Your assignment.
Could you output each record below exactly as it stands and leave the pictures out?

Data records.
_____
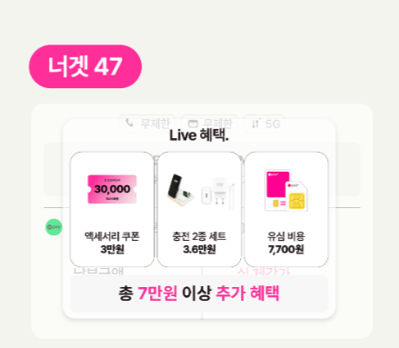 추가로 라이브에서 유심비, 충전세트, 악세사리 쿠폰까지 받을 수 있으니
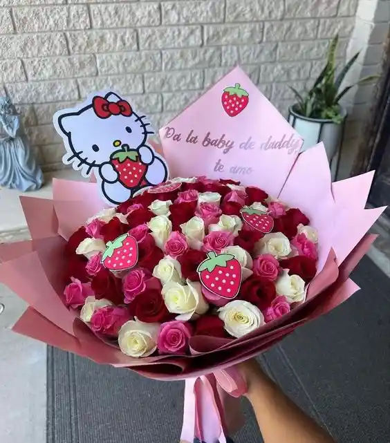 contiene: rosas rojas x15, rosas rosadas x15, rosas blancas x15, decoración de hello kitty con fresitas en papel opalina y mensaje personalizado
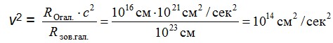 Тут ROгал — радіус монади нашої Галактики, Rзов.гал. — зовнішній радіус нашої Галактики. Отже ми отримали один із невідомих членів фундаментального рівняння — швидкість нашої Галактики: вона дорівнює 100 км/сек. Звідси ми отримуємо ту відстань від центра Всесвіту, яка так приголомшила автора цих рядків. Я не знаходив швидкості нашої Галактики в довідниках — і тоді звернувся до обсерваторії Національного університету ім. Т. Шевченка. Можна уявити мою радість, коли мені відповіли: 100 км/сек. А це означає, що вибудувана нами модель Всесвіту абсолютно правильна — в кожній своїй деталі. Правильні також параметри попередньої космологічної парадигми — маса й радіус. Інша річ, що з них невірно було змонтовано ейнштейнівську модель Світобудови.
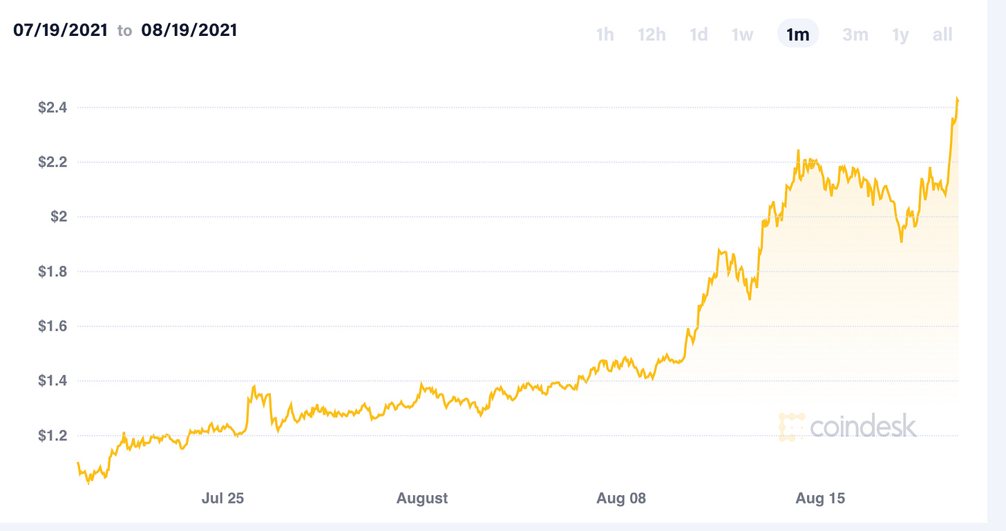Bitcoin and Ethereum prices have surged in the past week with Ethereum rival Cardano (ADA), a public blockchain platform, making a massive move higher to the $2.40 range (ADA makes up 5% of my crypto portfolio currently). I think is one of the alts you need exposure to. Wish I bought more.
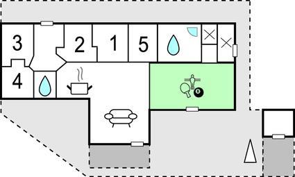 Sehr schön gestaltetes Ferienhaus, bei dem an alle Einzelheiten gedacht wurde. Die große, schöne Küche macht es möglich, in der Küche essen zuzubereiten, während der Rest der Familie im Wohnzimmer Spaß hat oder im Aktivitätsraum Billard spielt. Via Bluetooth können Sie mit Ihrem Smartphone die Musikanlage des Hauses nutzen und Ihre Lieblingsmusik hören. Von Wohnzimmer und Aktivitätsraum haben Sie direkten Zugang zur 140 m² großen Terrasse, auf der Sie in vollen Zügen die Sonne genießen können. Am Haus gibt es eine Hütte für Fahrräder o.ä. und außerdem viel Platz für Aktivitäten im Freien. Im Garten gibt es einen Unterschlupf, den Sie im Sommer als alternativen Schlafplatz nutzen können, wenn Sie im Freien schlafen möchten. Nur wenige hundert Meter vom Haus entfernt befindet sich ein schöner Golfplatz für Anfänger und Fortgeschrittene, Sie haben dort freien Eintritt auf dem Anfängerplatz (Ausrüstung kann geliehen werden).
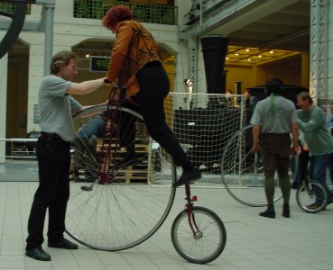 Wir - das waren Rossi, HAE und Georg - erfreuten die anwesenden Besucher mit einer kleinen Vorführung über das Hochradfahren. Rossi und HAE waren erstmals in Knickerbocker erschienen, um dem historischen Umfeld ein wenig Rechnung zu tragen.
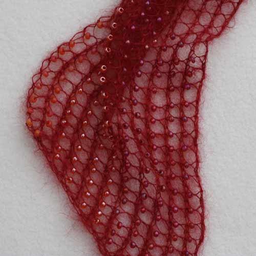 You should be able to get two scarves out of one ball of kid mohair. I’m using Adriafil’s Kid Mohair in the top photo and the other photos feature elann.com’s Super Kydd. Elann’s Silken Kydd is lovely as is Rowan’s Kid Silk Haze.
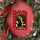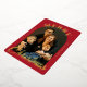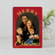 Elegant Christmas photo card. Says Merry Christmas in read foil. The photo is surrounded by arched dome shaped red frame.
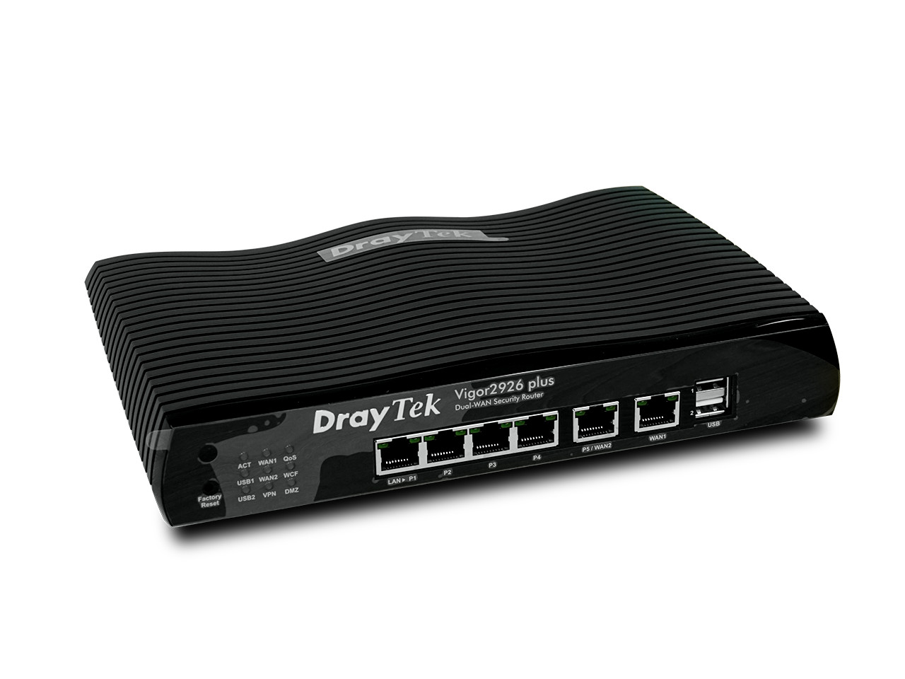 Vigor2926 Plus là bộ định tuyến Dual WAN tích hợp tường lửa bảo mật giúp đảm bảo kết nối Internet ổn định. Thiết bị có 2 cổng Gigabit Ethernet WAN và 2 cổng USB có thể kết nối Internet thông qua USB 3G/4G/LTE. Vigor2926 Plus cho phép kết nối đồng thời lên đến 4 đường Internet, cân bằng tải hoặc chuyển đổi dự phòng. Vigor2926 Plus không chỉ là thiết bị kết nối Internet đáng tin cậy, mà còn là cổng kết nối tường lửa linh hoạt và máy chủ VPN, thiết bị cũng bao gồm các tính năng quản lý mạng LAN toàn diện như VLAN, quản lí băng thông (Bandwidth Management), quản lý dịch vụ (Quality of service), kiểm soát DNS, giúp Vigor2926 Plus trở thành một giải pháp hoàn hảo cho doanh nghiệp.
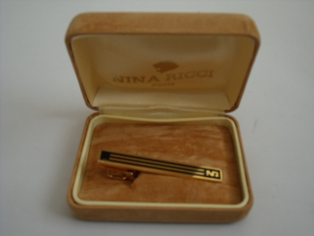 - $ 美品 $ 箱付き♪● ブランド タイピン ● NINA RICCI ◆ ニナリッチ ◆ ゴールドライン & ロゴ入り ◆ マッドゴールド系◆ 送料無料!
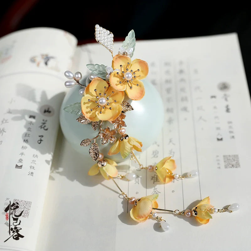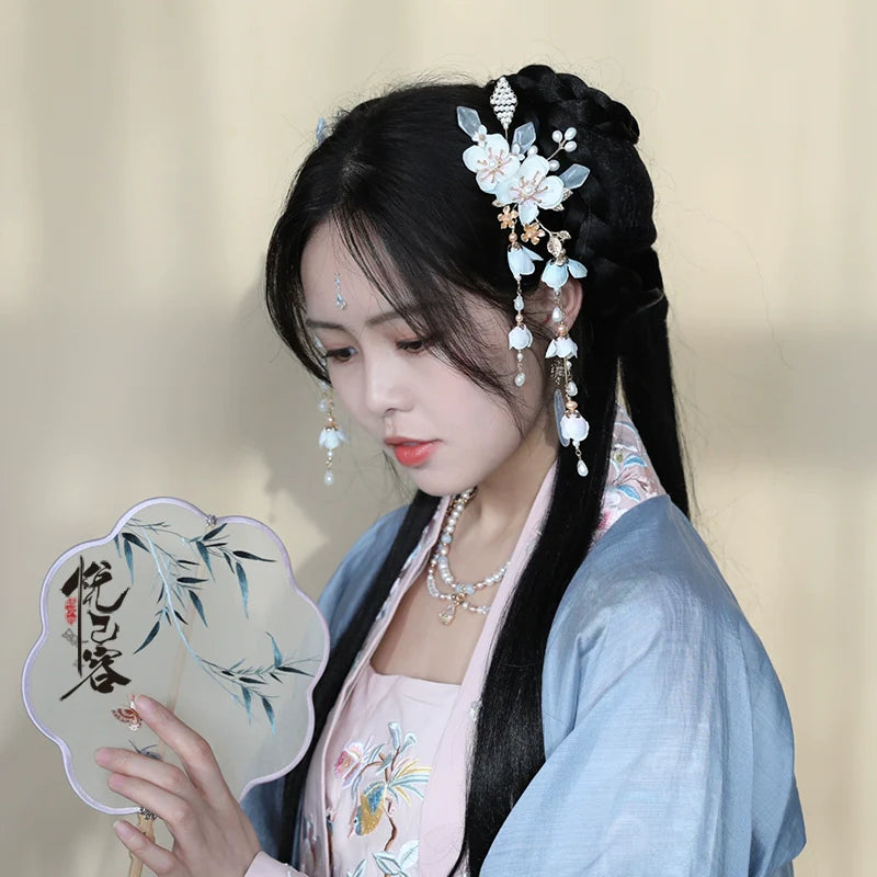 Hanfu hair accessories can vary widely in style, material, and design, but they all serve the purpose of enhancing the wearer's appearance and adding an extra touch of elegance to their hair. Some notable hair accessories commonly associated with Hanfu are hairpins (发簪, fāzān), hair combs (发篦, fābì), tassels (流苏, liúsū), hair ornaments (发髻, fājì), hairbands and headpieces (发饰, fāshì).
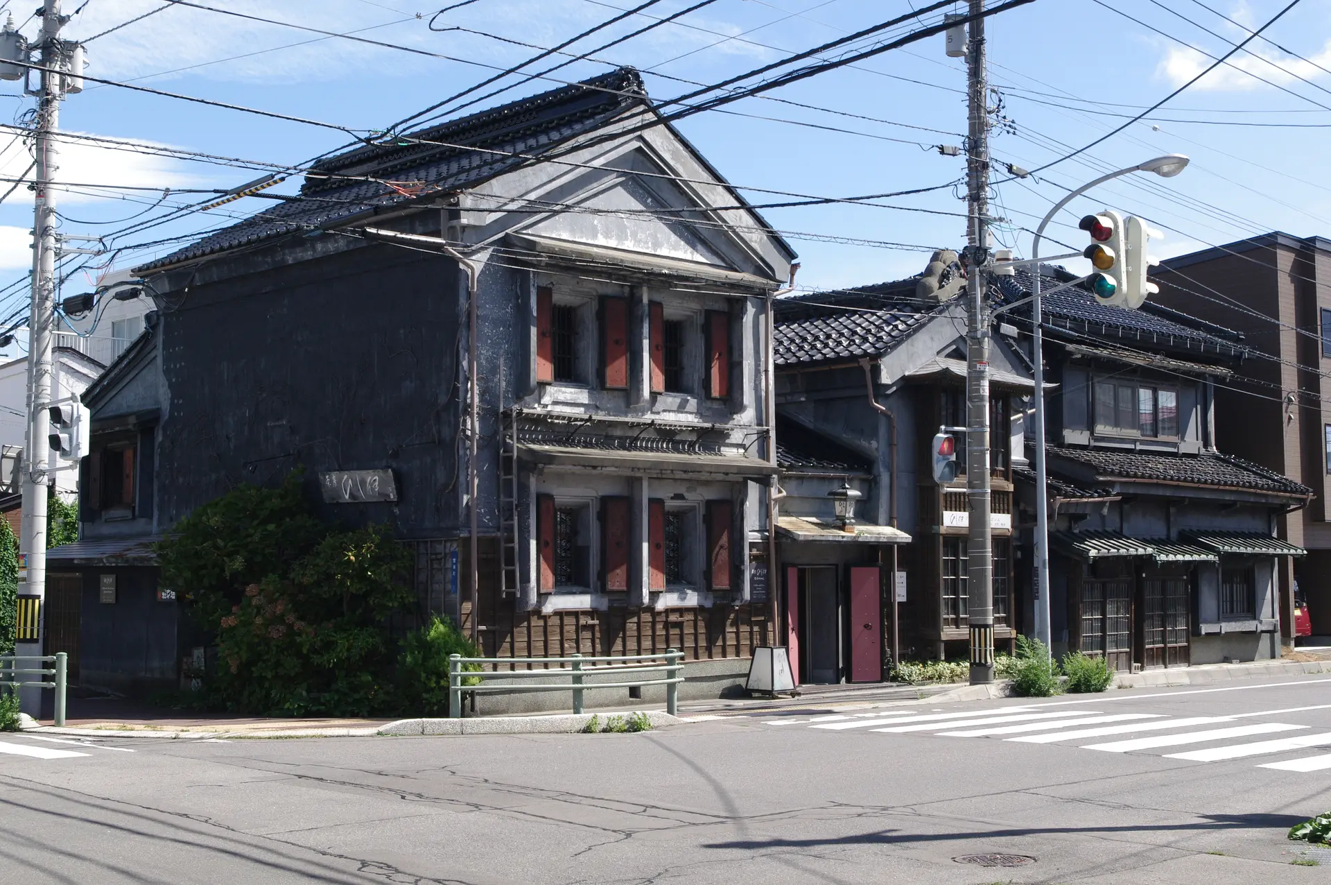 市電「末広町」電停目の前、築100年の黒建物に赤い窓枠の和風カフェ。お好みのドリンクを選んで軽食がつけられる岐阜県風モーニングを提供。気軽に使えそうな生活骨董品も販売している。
_____
Response to the exercise.
 추가로 라이브에서 유심비, 충전세트, 악세사리 쿠폰까지 받을 수 있으니
 contiene: rosas rojas x15, rosas rosadas x15, rosas blancas x15, decoración de hello kitty con fresitas en papel opalina y mensaje personalizado
 Тут ROгал — радіус монади нашої Галактики, Rзов.гал. — зовнішній радіус нашої Галактики. Отже ми отримали один із невідомих членів фундаментального рівняння — швидкість нашої Галактики: вона дорівнює 100 км/сек. Звідси ми отримуємо ту відстань від центра Всесвіту, яка так приголомшила автора цих рядків. Я не знаходив швидкості нашої Галактики в довідниках — і тоді звернувся до обсерваторії Національного університету ім. Т. Шевченка. Можна уявити мою радість, коли мені відповіли: 100 км/сек. А це означає, що вибудувана нами модель Всесвіту абсолютно правильна — в кожній своїй деталі. Правильні також параметри попередньої космологічної парадигми — маса й радіус. Інша річ, що з них невірно було змонтовано ейнштейнівську модель Світобудови.
Bitcoin and Ethereum prices have surged in the past week with Ethereum rival Cardano (ADA), a public blockchain platform, making a massive move higher to the $2.40 range (ADA makes up 5% of my crypto portfolio currently). I think is one of the alts you need exposure to. Wish I bought more.
 Sehr schön gestaltetes Ferienhaus, bei dem an alle Einzelheiten gedacht wurde. Die große, schöne Küche macht es möglich, in der Küche essen zuzubereiten, während der Rest der Familie im Wohnzimmer Spaß hat oder im Aktivitätsraum Billard spielt. Via Bluetooth können Sie mit Ihrem Smartphone die Musikanlage des Hauses nutzen und Ihre Lieblingsmusik hören. Von Wohnzimmer und Aktivitätsraum haben Sie direkten Zugang zur 140 m² großen Terrasse, auf der Sie in vollen Zügen die Sonne genießen können. Am Haus gibt es eine Hütte für Fahrräder o.ä. und außerdem viel Platz für Aktivitäten im Freien. Im Garten gibt es einen Unterschlupf, den Sie im Sommer als alternativen Schlafplatz nutzen können, wenn Sie im Freien schlafen möchten. Nur wenige hundert Meter vom Haus entfernt befindet sich ein schöner Golfplatz für Anfänger und Fortgeschrittene, Sie haben dort freien Eintritt auf dem Anfängerplatz (Ausrüstung kann geliehen werden).
 Wir - das waren Rossi, HAE und Georg - erfreuten die anwesenden Besucher mit einer kleinen Vorführung über das Hochradfahren. Rossi und HAE waren erstmals in Knickerbocker erschienen, um dem historischen Umfeld ein wenig Rechnung zu tragen.
 You should be able to get two scarves out of one ball of kid mohair. I’m using Adriafil’s Kid Mohair in the top photo and the other photos feature elann.com’s Super Kydd. Elann’s Silken Kydd is lovely as is Rowan’s Kid Silk Haze.
 Elegant Christmas photo card. Says Merry Christmas in read foil. The photo is surrounded by arched dome shaped red frame.
 Vigor2926 Plus là bộ định tuyến Dual WAN tích hợp tường lửa bảo mật giúp đảm bảo kết nối Internet ổn định. Thiết bị có 2 cổng Gigabit Ethernet WAN và 2 cổng USB có thể kết nối Internet thông qua USB 3G/4G/LTE. Vigor2926 Plus cho phép kết nối đồng thời lên đến 4 đường Internet, cân bằng tải hoặc chuyển đổi dự phòng. Vigor2926 Plus không chỉ là thiết bị kết nối Internet đáng tin cậy, mà còn là cổng kết nối tường lửa linh hoạt và máy chủ VPN, thiết bị cũng bao gồm các tính năng quản lý mạng LAN toàn diện như VLAN, quản lí băng thông (Bandwidth Management), quản lý dịch vụ (Quality of service), kiểm soát DNS, giúp Vigor2926 Plus trở thành một giải pháp hoàn hảo cho doanh nghiệp.
 - $ 美品 $ 箱付き♪● ブランド タイピン ● NINA RICCI ◆ ニナリッチ ◆ ゴールドライン & ロゴ入り ◆ マッドゴールド系◆ 送料無料!
 Hanfu hair accessories can vary widely in style, material, and design, but they all serve the purpose of enhancing the wearer's appearance and adding an extra touch of elegance to their hair. Some notable hair accessories commonly associated with Hanfu are hairpins (发簪, fāzān), hair combs (发篦, fābì), tassels (流苏, liúsū), hair ornaments (发髻, fājì), hairbands and headpieces (发饰, fāshì).
 市電「末広町」電停目の前、築100年の黒建物に赤い窓枠の和風カフェ。お好みのドリンクを選んで軽食がつけられる岐阜県風モーニングを提供。気軽に使えそうな生活骨董品も販売している。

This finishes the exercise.